- Marine Snow*
The song seemed to be coming from the direction of the workshop, just beneath the short flight of stairs.
It was Marco's first time on duty outside the manufacturing room. Standing alone in the hallway, he looked more like a mannequin than a human being, his body as stiff as the collar of his freshly ironed shirt. And because his suit and shirt matched the walls' slate grey paint, at first glance, you would have mistaken him for a floating head. Chiyuki had given him a sedative to calm his nerves, but Marco had a creeping suspicion that it was just a glucose pill intended as a placebo. Filled with trepidation and supporting the weight of a jacket that was too large for him, Marco looked like a boy attempting to impersonate a security guard. But then again, he was only fifteen.

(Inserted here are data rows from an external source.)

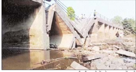
सरगुजा, प्रतिदिन राजधानी

उन्होंने कहा कि न्यायिक आधारभूत संरचना को लगातार मजबूत किए जाने से आम लोगों को बेहतर वातावरण में त्वरित न्याय उपलब्ध कराने की दिशा में बड़ा सुधार होगा। न्यायालय परिसरों में सुविधाओं से आम लोगों को बेहतर वातावरण में त्वरित न्याय उपलब्ध कराने की दिशा में बड़ा सुधार होगा। न्यायालय परिसरों में सुविधाओं से आम लोगों को बेहतर वातावरण में त्वरित न्याय उपलब्ध कराने की दिशा में बड़ा सुधार होगा। न्यायालय परिसरों में सुविधाओं से आम लोगों को बेहतर वातावरण में त्वरित न्याय उपलब्ध कराने की दिशा में बड़ा सुधार होगा।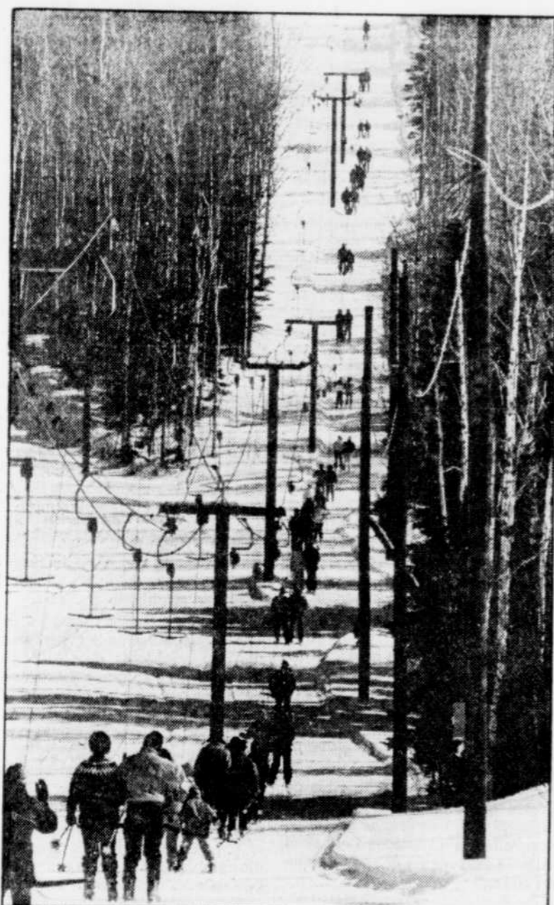
Les skieurs sont repartis hier matin à l'assaut du mont Grand-Fonds, intouché depuis deux mois et demi. Seuls venaient y glisser les résidents du coin, avec leur petite famille.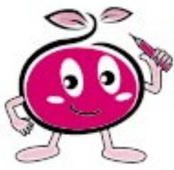
2005年農林業センサスマスコットキャラクター「つつちー」

調査の実施においては、調査員がご自宅へ調査票をお持ちいたしますので、調査へのご協力をよろしくお願いいたします。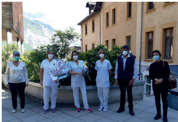
Visite au personnel de l'EHPAD

La 3CMA et le GAEM tiennent à remercier sincèrement tous les généreux donateurs !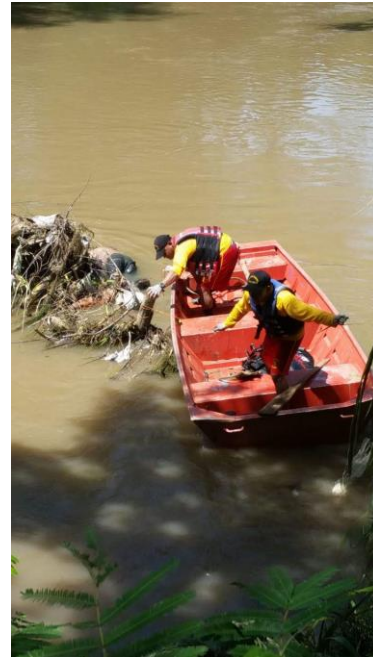
Recuperacion de cadaveres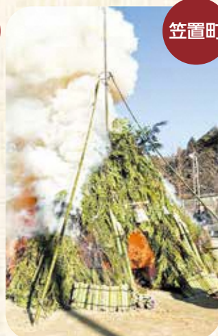
西部ふれあい広場での様子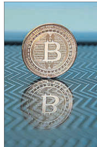
El bitcoin, por las nubes

► El real decreto aprobado ayer por el Gobierno sobre la Inspección Técnica de Vehículos (ITV), que flexibiliza algunos aspectos en aplicación de la normativa europea, también exige más medios para controlar fraudes en las emisiones de gases. Tras el dieselgate , se obliga, por primera vez, a las estaciones a disponer de herramientas de diagnóstico electrónico que se conecten con los ordenadores de a bordo de los vehículos. / Efe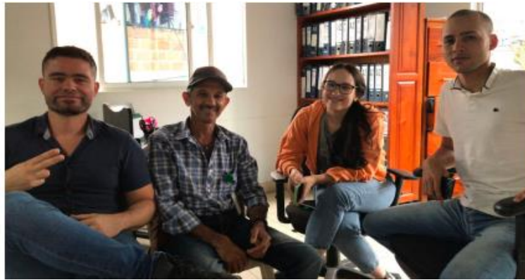
Figura No. 4 Charlas con junta directiva

En lo que se refiere al tema de proyectos, la cual es una de las principales fuentes de financiación de estas organizaciones productivas, también se retomó dentro de estas charlas la necesidad de formular proyectos que beneficiarán a mujeres y perfilar a ASPROQUEMA como una plataforma de equidad de género en el sector rural, es por ello que con el Centro de Tecnología de Antioquia se postuló uno con este enfoque, presentando como idea principal que a través de elementos tecnológicos e innovadores se pudiera hacer más eficaz el procedimiento de preparación del queso de banco en las fincas, con el fin de que para las mujeres fuese más práctico y no invirtieran tanto tiempo en la realización de esta tarea y así poder usar dicho tiempo en otras actividades, como espacios de ocio y actividades de interés para ellas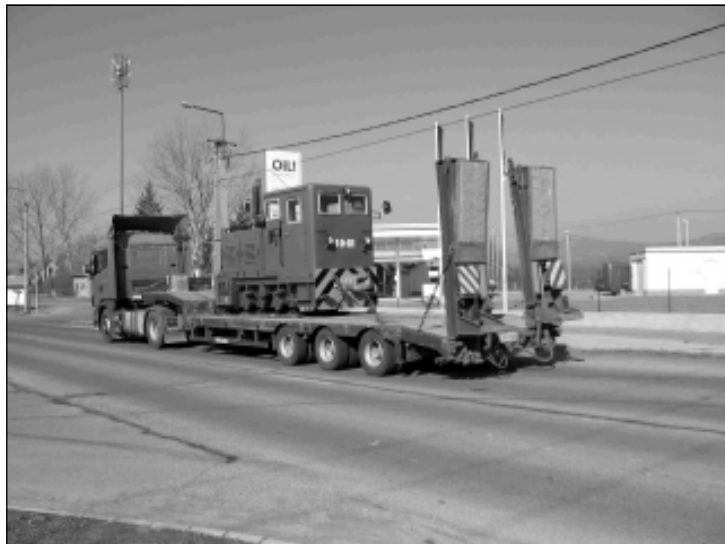
A mozdony itt még nem a saját "kereken" érkezett Szobra

típusú, az egykori NDK-ban gyártották. Magyarországra kevés jármű került, abból mára már csak egy üzemel Szilvásváradon. A szobi jármű Kecskeméten volt kiállítva, eléggé

Marco had yet to hit puberty. His thin neck looked frail when compared to Tolga's and Yu-ho's, whose voices had already dropped. And because of Marco's thin bones and short stature, which made him the second smallest of his friend group, it seemed that, barring some miracle, he would remain a young boy forever. So, when he told his friends that he wanted to become a security guard, they all reacted with concern; he just wasn't physically cut [End Page 135] out for such work, they warned him. But this was the precise reason he chose the profession. What Marco wanted was intense physical training. He'd heard that a year of hard work and training was enough to make even the meekest of boys into strong men. And the rumors weren't wrong. Although Marco didn't know it yet, within a year, he would be the largest of his friend group. But right now, only sixteen days after starting work, he was still undersized.
The cold air in the hallway and the ruckus from the large machine, which rumbled like the pulse of a wild beast, caused Marco to withdraw further into his clothes. Behind him were the inner doors to the manufacturing room, which were made of thick steel, unlike the glass doors in front of him. Marco didn't know why he felt like this, but he had a hunch that the inner doors to the manufacturing room might be the most fortified in the whole underground city.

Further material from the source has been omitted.